Course Overview

Course Title: Landscape Architecture Professional Practice
Credit Points: 12
Nominal Hours:
Course Coordinator: Fiona Harrison
Course Coordinator Phone:
Course Coordinator Email: fiona.harrison@rmit.edu.au
Course Summary

This course provides you with a basic understanding of the professional operations of landscape architectural practice. It will introduce the range of practice undertaken by qualified landscape architects and focus on requirements typical to most forms of practice, large or small, in public and private sectors. The course will provide familiarity with the full scope of legal and administrative requirements of practice and office procedure. This includes the production of all forms of drawn and written project documentation from seeking projects, through establishment of the brief, agreement on fees or processes of bidding or tendering, site assessment, design conception and documentation, invoicing and contract administration, to final client handover and ongoing management of liability. It will introduce you to the legal and professional practice aspects of Landscape Architecture through lectures and seminars by practitioners with a range of project experience. This will be reinforced and further explained through accompanying tutorials and assignments.
This course includes a work integrated learning (WIL) experience in which your knowledge and skills will be applied and assessed in a real or simulated workplace context and where feedback from industry and/ or community is integral to your experience.
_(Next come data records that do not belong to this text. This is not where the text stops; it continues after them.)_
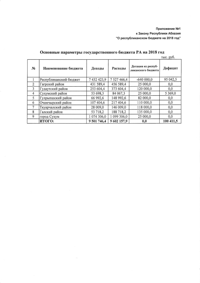 Постановление Кабинета Министров Республики Абхазия от 15.11.2017 № 159 "О проекте Закона Республики Абхазия "О республиканском бюджете на 2018 год"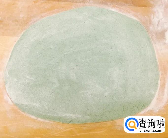 面皮上铺撒一层干面粉,用擀面杖卷起面皮重复推擀至自己喜欢的厚薄即可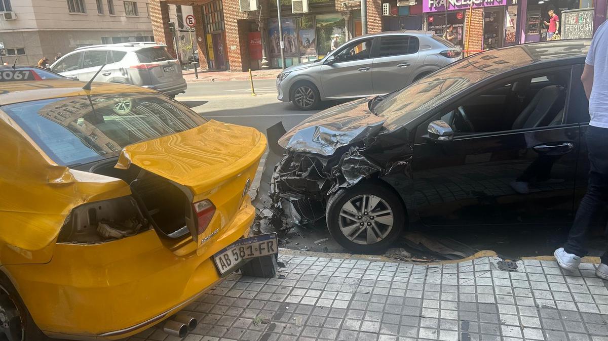 El vehículo, que circulaba por el carril izquierdo, primero chocó contra un árbol, continuó unos metros y luego colisionó con un taxi Volkswagen Voyage, que quedó completamente sobre la vereda.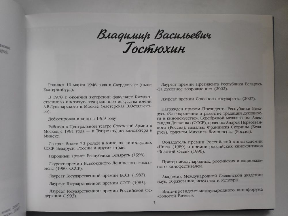 Это издание посвящено творческому пути знаменитого советского и белорусского актера Владимира Васильевича Гостюхина.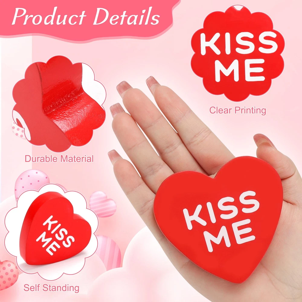 Complete Valentine's Set: Unbox 6 beautifully crafted wooden heart decor pieces that bring a warm, romantic touch to your Valentine's Day celebration Romantic Heart Design: Featuring classic heart shapes in pink, red, and white, each heart is adorned with heartfelt phrases like "XOXO," "HUG ME," "BE MINE," and "LOVE YOU" for a truly romantic atmosphere Premium Craftsmanship: Made from high-quality, durable wood with a smooth finish, these pieces are expertly painted in vibrant, fade-resistant colors. Safe, long-lasting, and perfect for creating an elegant vibe Perfect Dimensions: Each heart measures 3" x 2.8" x 0.6", making them ideal for decorating fireplaces, coffee tables, bookshelves, or tiered trays. Compact yet eye-catching for any space. Versatile Valentine's Decor: Perfect for Valentine's Day, weddings, anniversaries, or parties. These heart-shaped centerpieces add a loving touch that’s sure to surprise and delight your loved ones.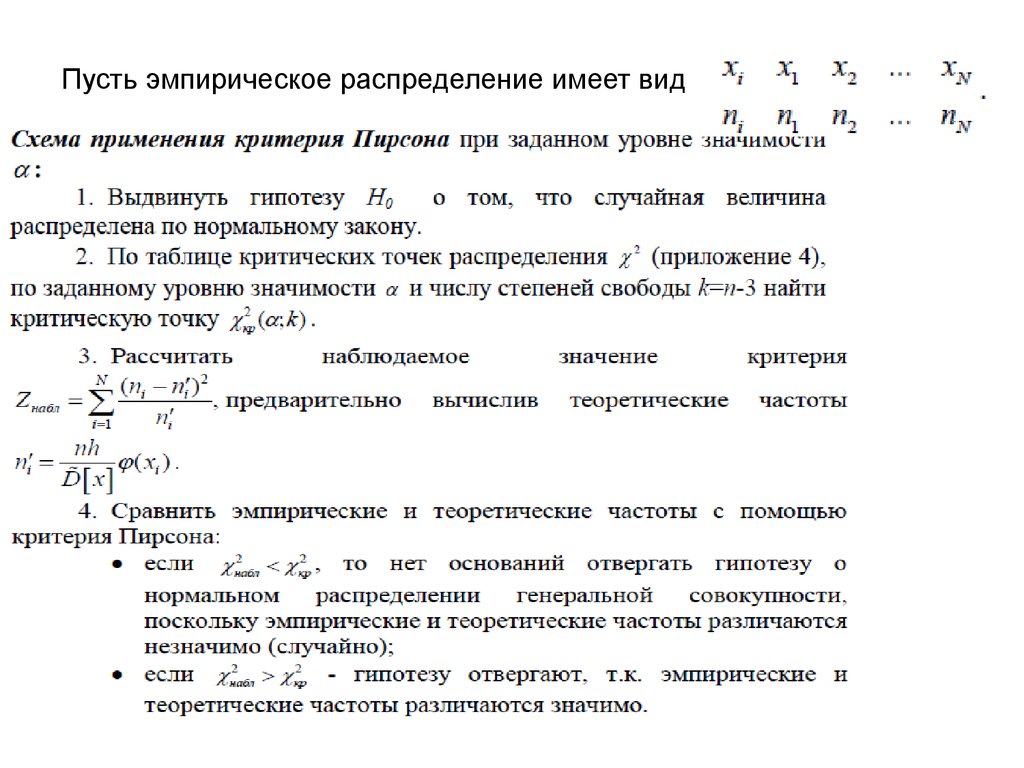 Формируется гипотеза Н0 о неизвестном законе распределения и по выборочным данным эта гипотеза либо отвергается либо принимается.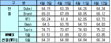 4월12일 64.34달러로 약상승 … WTI는 63.85달러로 1.84달러 급등 4월12일 국제유가는 IEA의 OPEC 감산으로 인한 주요 소비국 재고 감소 분석과 미국의 정제시설 가동중단 소식으로 상승했다.한국석유공사에 따르면, 뉴욕상업거래소(NYMEX)의 WTI(서부텍사스 중질유) 선물유가는 전일대비 배럴당 1.84달러 상승한 63.85달러에, ICE의 Brent 선물유가는 0.88달러 상승한 68.72달러에 거래를 마감했다. Dubai유 현물가격도 0.08달러 상승한 64.34달러를 형성했다.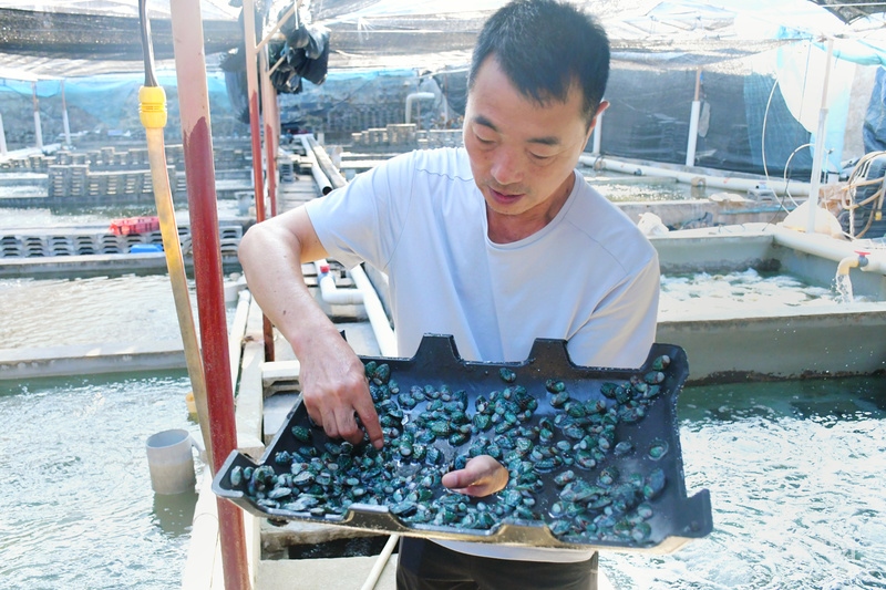 澳角村鮑魚(yú)養(yǎng)殖戶(hù)郭漢棟正在查看鮑魚(yú)苗長(zhǎng)勢(shì)(央廣網(wǎng)記者 羅曉英 攝)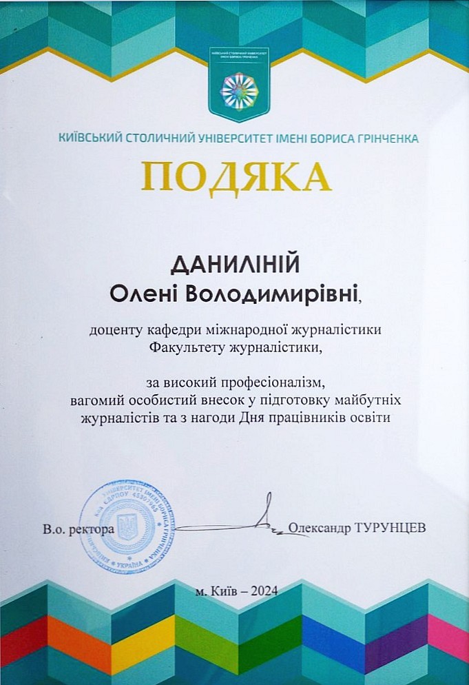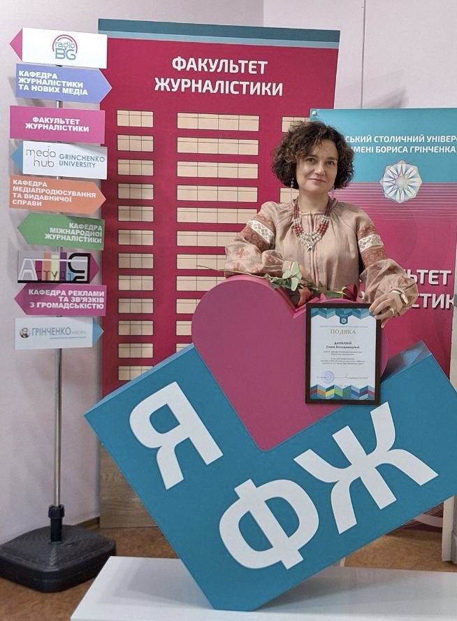 Подяку від Київського столичного університету імені Бориса Грінченка отримала Олена ДАНИЛІНА, доцент кафедри міжнародної журналістики.

While there is no formally assessed requirement to undertake an internship, practical training in an approved office, whether a local private firm or government agency, is strongly encouraged. Such work experience provides you with an opportunity to overview the variety and complexity of project processes in a working office. You can build on their general understanding of office functions, the administrative procedures and design stages involved in applying for and acquiring a landscape project, and subsequent modes of administering the project through to the execution stage. Additionally, work experience is hoped to make you aware of the significant influences that the client, community, economics and other policy planning issues exert over the design and construction process. You will be exposed to the design process as an open and dynamic one, full of opportunities and challenges that come from real constraints and compromises, rather than the outcome of a singular, individually driven project objective.